Differences with torch.nn.functional.gelu
torch.nn.functional.gelu
torch.nn.functional.gelu(input) -> Tensor
For more information, see torch.nn.functional.gelu.
mindspore.ops.gelu
mindspore.ops.gelu(input_x, approximate='none')
For more information, see mindspore.ops.gelu.
Differences
PyTorch: This function represents the Gaussian error linear unit function \(GELU(X)=X\times \Phi(x)\), where \(\Phi(x)\) is the cumulative distribution function of the Gaussian distribution. The input x denotes an arbitrary number of dimensions.

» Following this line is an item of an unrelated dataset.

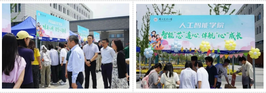 最后,熊富强介绍了本届大学生心理健康教育月活动安排,并宣布开幕式结束。开幕式后,刘营军等领导、老师参观了AI心理海报作品展,并参与到各学院的特色心理健康教育活动中,与同学们热情互动。

MindSpore: MindSpore API implements basically the same function as PyTorch.
Categories |
Subcategories |
PyTorch |
MindSpore |
Difference |
---|---|---|---|---|
Parameter |
Parameter 1 |
- |
approximate |
There are two gelu approximation algorithms: 'none' and 'tanh', and the default value is 'none'. After testing, the output is more similar to Pytorch when approximate is 'none'. |
Input |
Single input |
input |
input_x |
Same function, different parameter names |
Code Example 1
The two APIs achieve the same function and have the same usage.
# PyTorch
import torch
input = torch.Tensor([[2, 4], [1, 2]])
output = torch.nn.functional.gelu(input)
print(output.detach().numpy())
# [[1.9544997 3.9998734]
# [0.8413447 1.9544997]]
# MindSpore
import mindspore
import numpy as np
x = mindspore.Tensor(np.array([[2, 4], [1, 2]]), mindspore.float32)
output = mindspore.ops.gelu(x)
print(output)
# [[1.9545997 3.99993]
# [0.841192 1.9545977]]